▶ [Exercise] Exactly the lines from the one containing "かつては16往復ほど?24時" through the end of the listing must make up the answer, with no pictures included.

▶ [Data for analysis]
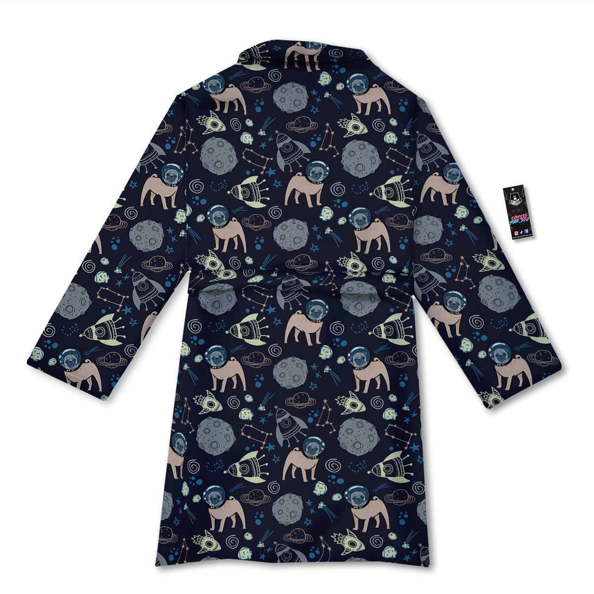 Pug And Astronaut In The Space Print Pattern Bathrobe
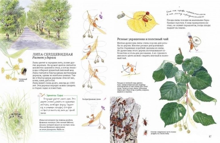 Помимо этого, на каждой странице вы увидите заметки Софи и предложенные ею задания, например на странице про липу нужно найти личинку бражника.
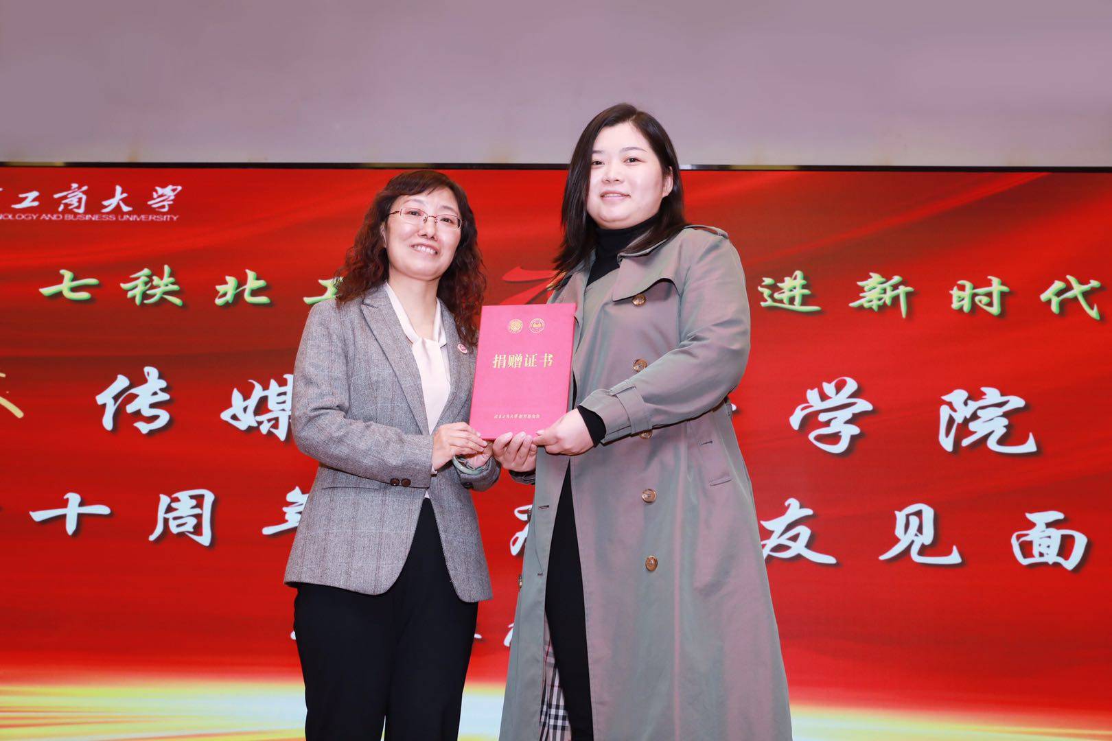 为支持学院教育事业的发展,广设101班校友刘陈晨向学院捐赠10万元,用于设立传媒与设计学院晨曦奖学金奖励优秀学生,学院党委书高丽华向刘陈晨颁发了捐赠证书。为感谢师恩,校友们为老教师和教授们送上鲜花表达感谢。大会在合唱校歌中落下帷幕。
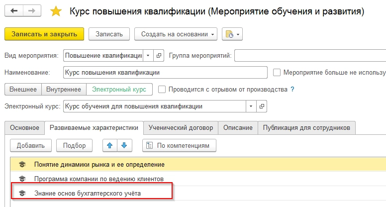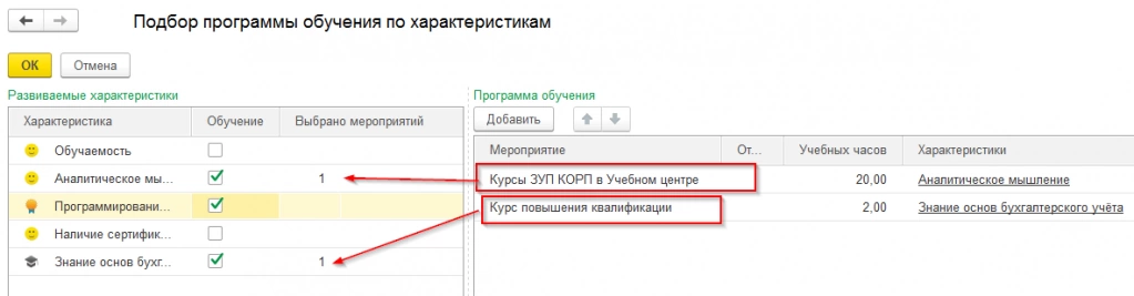 Для того чтоб эти мероприятия отразились в подборе, необходимо в их описании проставить развиваемые характеристики:
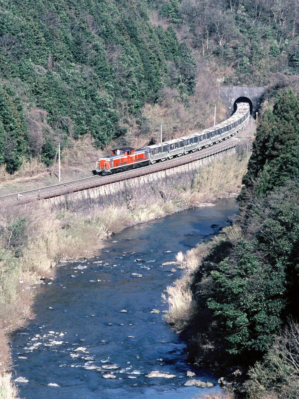 かつては16往復ほど?24時間体制で輸送を組んでいたというんですから驚きですね、国鉄の労使紛争のストでもこの貨物は止めなかったというくらいの、重要列車だったんですよね。。。宇部線にも残る交換駅でのリーチの長さや一部複線区間はこの貨物列車のためだったんです。↓
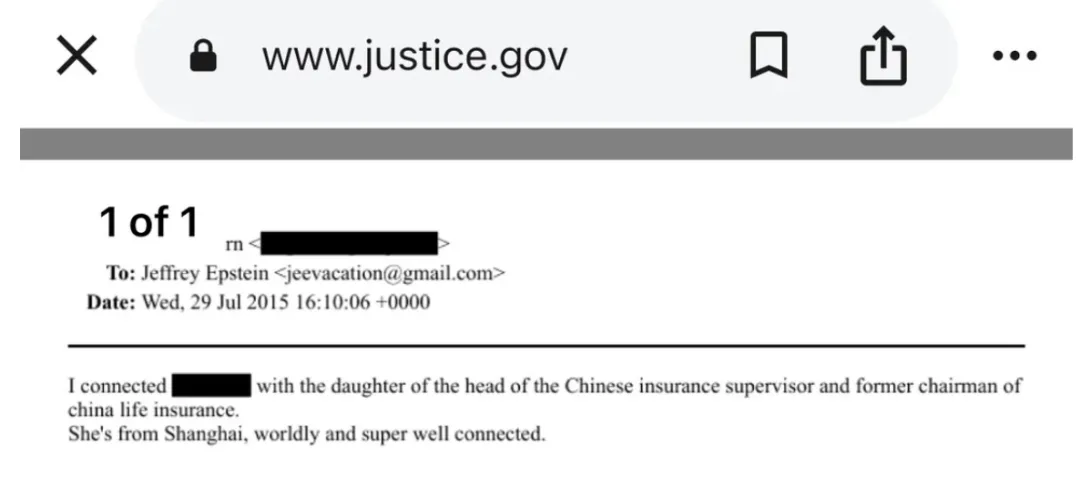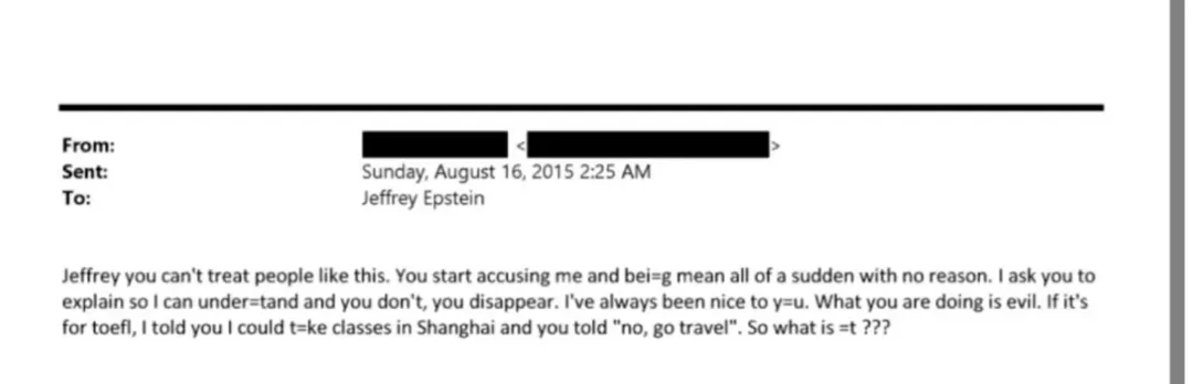 爱波斯坦和上海女大佬的风流往事曝光。。 2015年的某天,爱波斯坦到访上海并在上海停留3周之久(8月2号到8月25号号)。爱波斯坦让David介绍在上海的大佬,David介绍中国人寿保险yang**。 8月16号,疑似此女情绪失控,指责爱波斯坦玩失踪(此女大佬当时还在学托福,估计还是高中生)。。。 爱波斯坦的文件真是越挖越有。。。
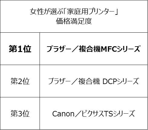 2022年6月に実施した調査において、「EPSON/カラリオ複合機EW・EPシリーズ」が女性が選ぶ「家庭用プリンター(インクジェット複合機)」利用率第1位、「ブラザー/複合機MFCシリーズ」は価格満足度第1位(同商品はオススメ率第1位も受賞)、「Canon/ピクサスTSシリーズ」は総合満足度第1位、「EPSON /エコタンク搭載EW・EPシリーズ」はリピート率第1位を受賞しました。

▶ [Task answer]
 かつては16往復ほど?24時間体制で輸送を組んでいたというんですから驚きですね、国鉄の労使紛争のストでもこの貨物は止めなかったというくらいの、重要列車だったんですよね。。。宇部線にも残る交換駅でのリーチの長さや一部複線区間はこの貨物列車のためだったんです。↓
 爱波斯坦和上海女大佬的风流往事曝光。。 2015年的某天,爱波斯坦到访上海并在上海停留3周之久(8月2号到8月25号号)。爱波斯坦让David介绍在上海的大佬,David介绍中国人寿保险yang**。 8月16号,疑似此女情绪失控,指责爱波斯坦玩失踪(此女大佬当时还在学托福,估计还是高中生)。。。 爱波斯坦的文件真是越挖越有。。。
 2022年6月に実施した調査において、「EPSON/カラリオ複合機EW・EPシリーズ」が女性が選ぶ「家庭用プリンター(インクジェット複合機)」利用率第1位、「ブラザー/複合機MFCシリーズ」は価格満足度第1位(同商品はオススメ率第1位も受賞)、「Canon/ピクサスTSシリーズ」は総合満足度第1位、「EPSON /エコタンク搭載EW・EPシリーズ」はリピート率第1位を受賞しました。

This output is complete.